Please return exactly the lines below that run from the line with "系統(tǒng)對每個知識點" through the end of the listing, both included, but not the pictures.

── Records provided ──

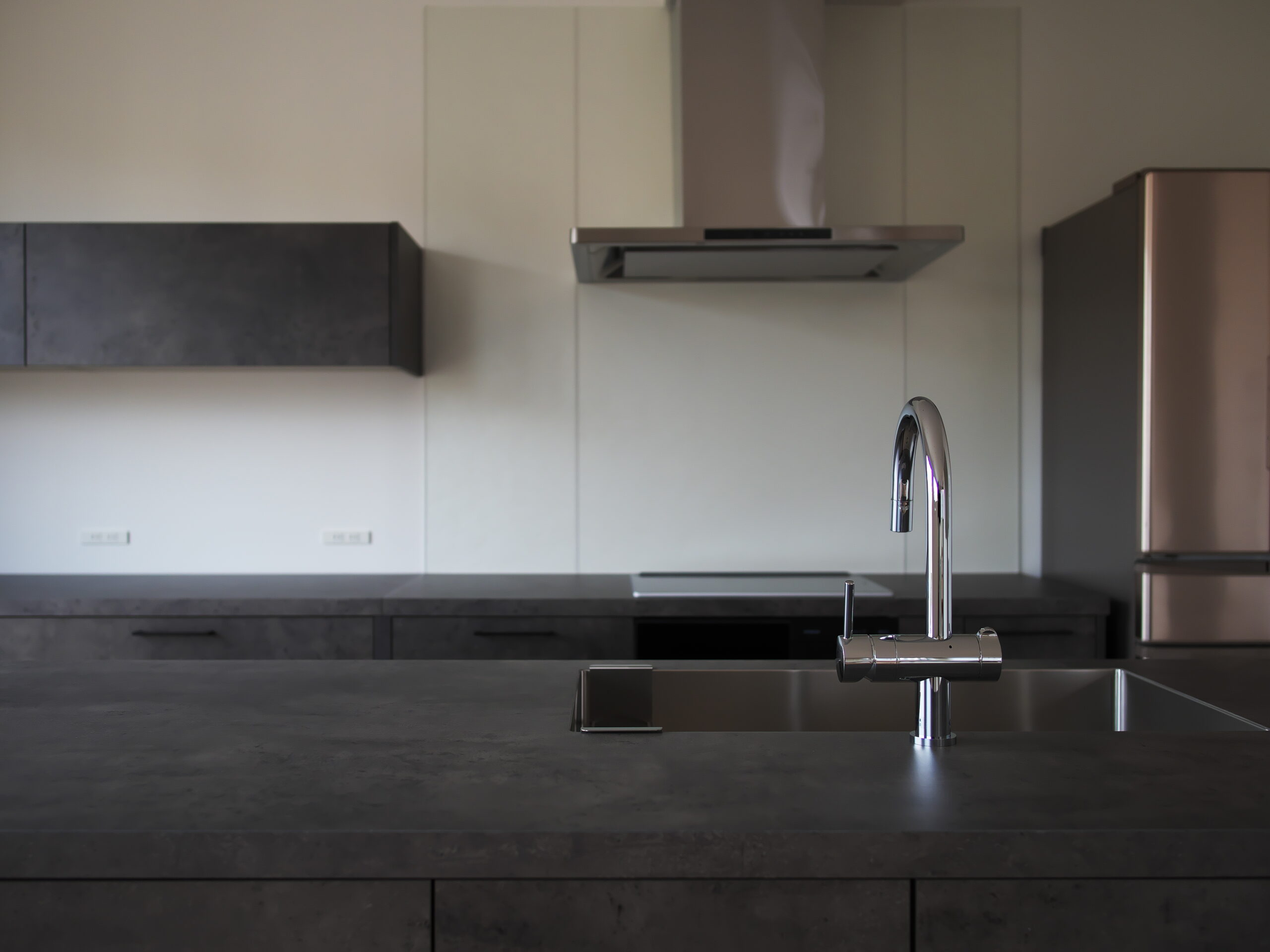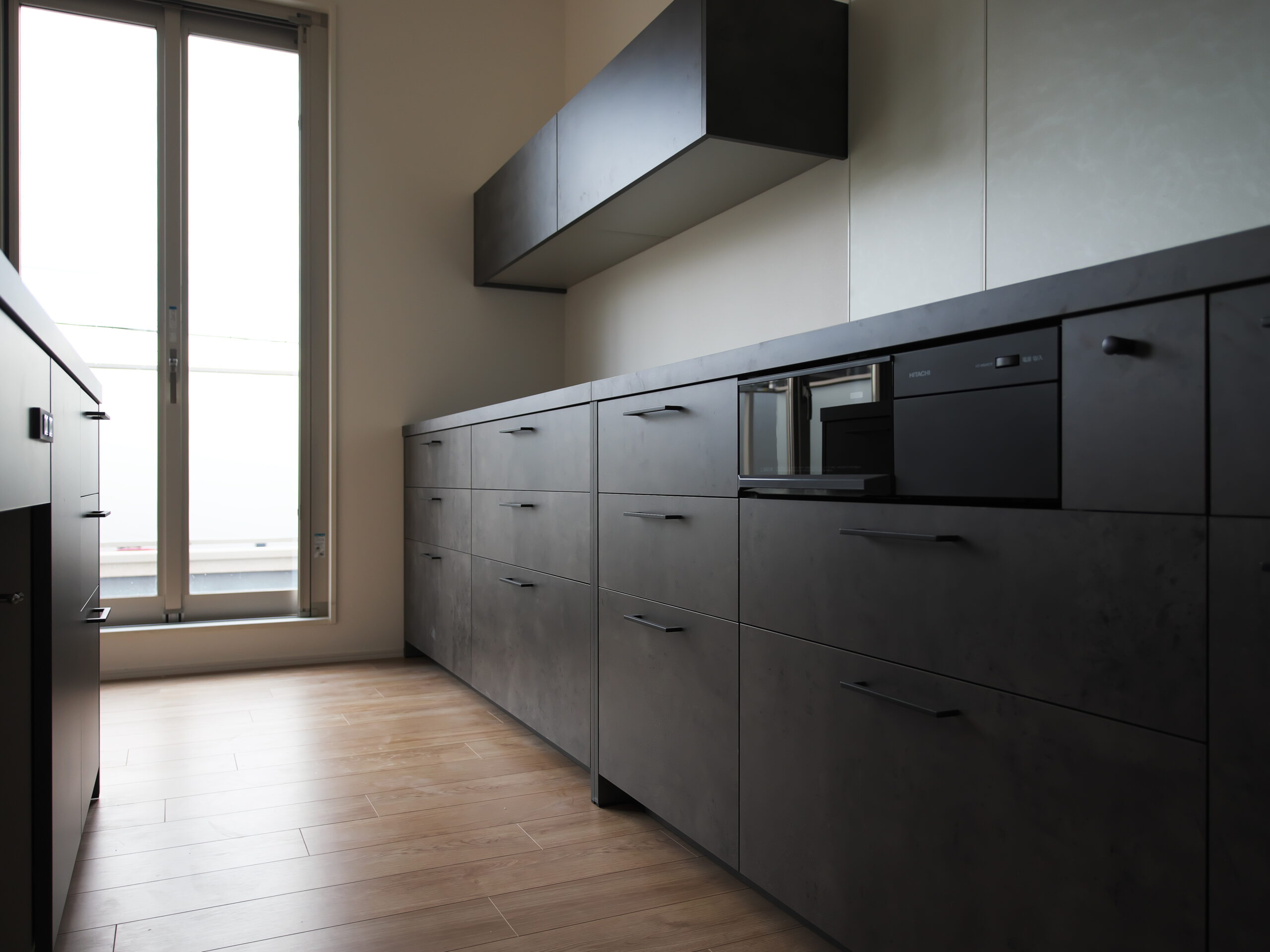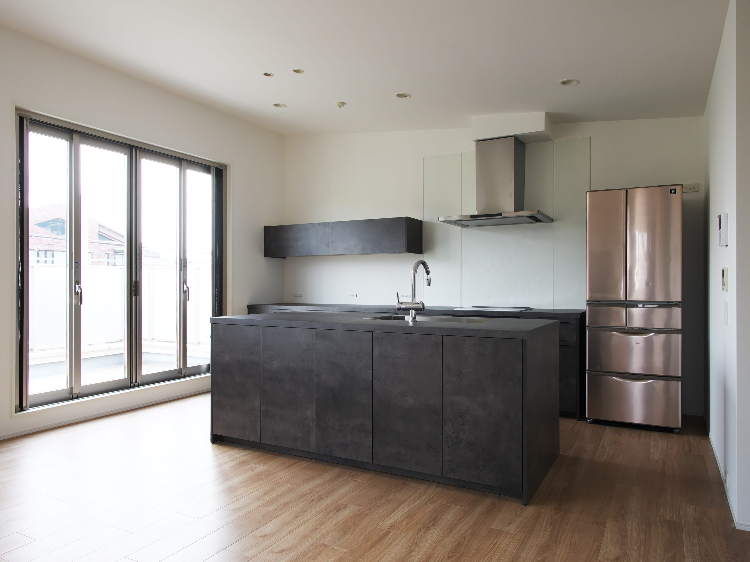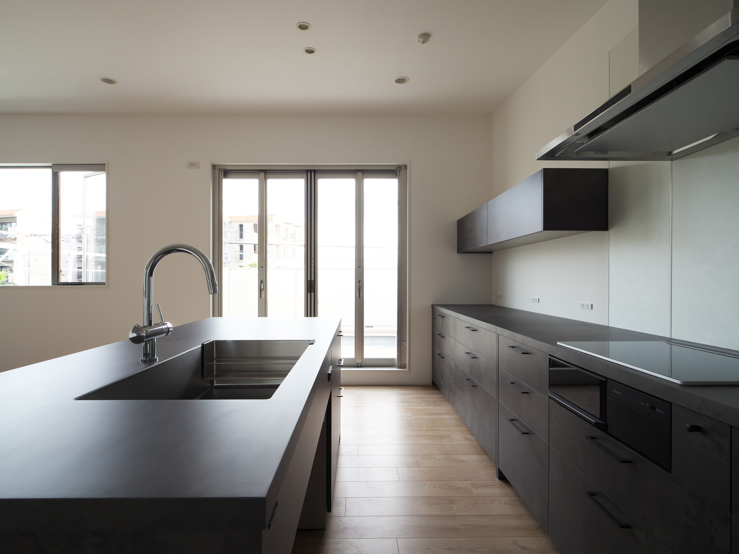 兵庫県芦屋市における戸建て住宅のリフォームプロジェクト。 白を基調とした空間に重厚なアイランドキッチンを据え、全体の印象を引き締めています。 洗練された素材と無垢材の温もりが調和する、家族が自然と集まる上質な住まいを形にしました。
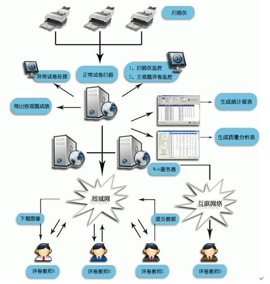 系統(tǒng)對每個知識點,每道小題,每個題組進行詳細的統(tǒng)計分析,為教師提供精確的教學(xué)診斷,進而進行針對性教學(xué),提高教學(xué)質(zhì)量。學(xué)生經(jīng)常應(yīng)用網(wǎng)上閱卷系統(tǒng)考試可以避免高考時,因膽怯和不適應(yīng)造成的非智力性失分;教師經(jīng)常進行網(wǎng)上
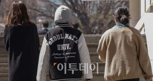 ▲정부가 정한 의대생 복귀 시한일인 31일 서울 종로구 서울대학교 의과대학에서 학생들이 발걸음을 옮기고 있다. 빅5 의대(서울대·연세대·성균관대·카톨릭대·울산대)를 포함해 고려대와 국가거점국립대인 충남대·부산대 의대 휴학생들이 전원 돌아오면서 1년 넘게 이어진 집단휴학 사태도 마무리 국면에 들어서는 모양새다. 이날 각 대학에 따르면 가천대·건국대·계명대·단국대·대구가톨릭대·아주대·원광대·한양대가 등록·복학 신청을 마감한다. 이로써 4월 초·중순까지 신청 기한을 연장한 강원대와 전북대를 제외한 38개 의대가 이날까지 의대생 등록·복학 신청을 종료하게 됐다. 조현호 기자 hyunho@
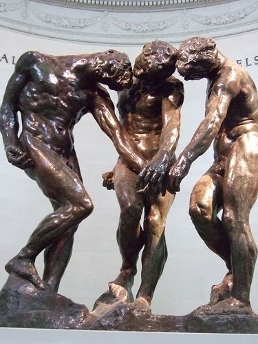 The Three Shades by Auguste Rodin, 1880 Bronze The Three Shades stand atop The Gates of Hell, gesturing downwards, heads lowered and arms extended, appearing despondent and weary. The composition consists of three casts of the same figure juxtaposed at slightly different angles. Rodin's peers believed The Three Shades signified Dante's warning, "Abandon every hope, ye who enters here," which is taken from the inscription above the Gates of Hell in Dante's Inferno |
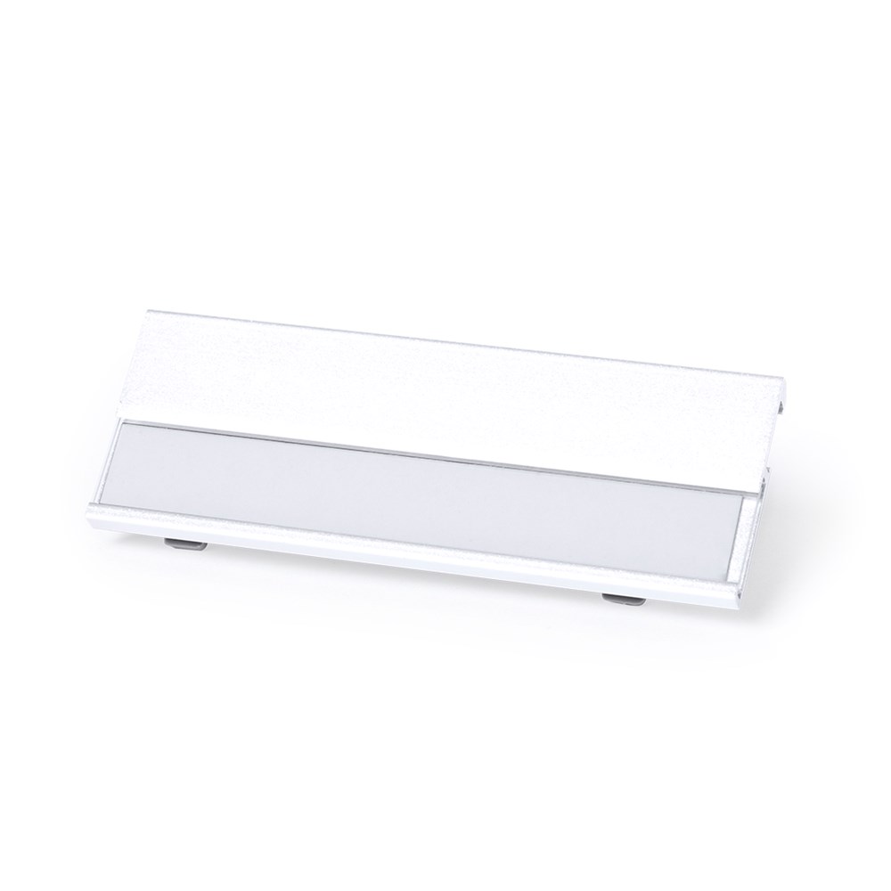 Aluminium-Namensschild in lebendigen Farben mit Befestigungsnadel auf der Rückseite. mehr
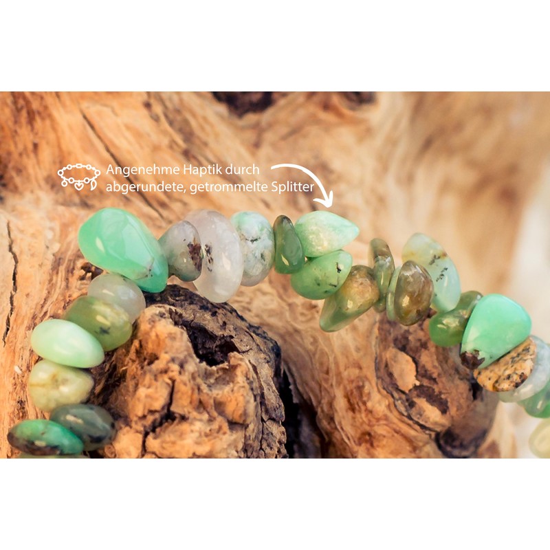 • Natural charm: this splinter bracelet is a tribute to the raw beauty of nature, made from real chrysoprase tumbled stones, whose splinters shine in a variety of green tones.

───

Response box:
 系統(tǒng)對每個知識點,每道小題,每個題組進行詳細的統(tǒng)計分析,為教師提供精確的教學(xué)診斷,進而進行針對性教學(xué),提高教學(xué)質(zhì)量。學(xué)生經(jīng)常應(yīng)用網(wǎng)上閱卷系統(tǒng)考試可以避免高考時,因膽怯和不適應(yīng)造成的非智力性失分;教師經(jīng)常進行網(wǎng)上
 ▲정부가 정한 의대생 복귀 시한일인 31일 서울 종로구 서울대학교 의과대학에서 학생들이 발걸음을 옮기고 있다. 빅5 의대(서울대·연세대·성균관대·카톨릭대·울산대)를 포함해 고려대와 국가거점국립대인 충남대·부산대 의대 휴학생들이 전원 돌아오면서 1년 넘게 이어진 집단휴학 사태도 마무리 국면에 들어서는 모양새다. 이날 각 대학에 따르면 가천대·건국대·계명대·단국대·대구가톨릭대·아주대·원광대·한양대가 등록·복학 신청을 마감한다. 이로써 4월 초·중순까지 신청 기한을 연장한 강원대와 전북대를 제외한 38개 의대가 이날까지 의대생 등록·복학 신청을 종료하게 됐다. 조현호 기자 hyunho@
 The Three Shades by Auguste Rodin, 1880 Bronze The Three Shades stand atop The Gates of Hell, gesturing downwards, heads lowered and arms extended, appearing despondent and weary. The composition consists of three casts of the same figure juxtaposed at slightly different angles. Rodin's peers believed The Three Shades signified Dante's warning, "Abandon every hope, ye who enters here," which is taken from the inscription above the Gates of Hell in Dante's Inferno |
 Aluminium-Namensschild in lebendigen Farben mit Befestigungsnadel auf der Rückseite. mehr
 • Natural charm: this splinter bracelet is a tribute to the raw beauty of nature, made from real chrysoprase tumbled stones, whose splinters shine in a variety of green tones.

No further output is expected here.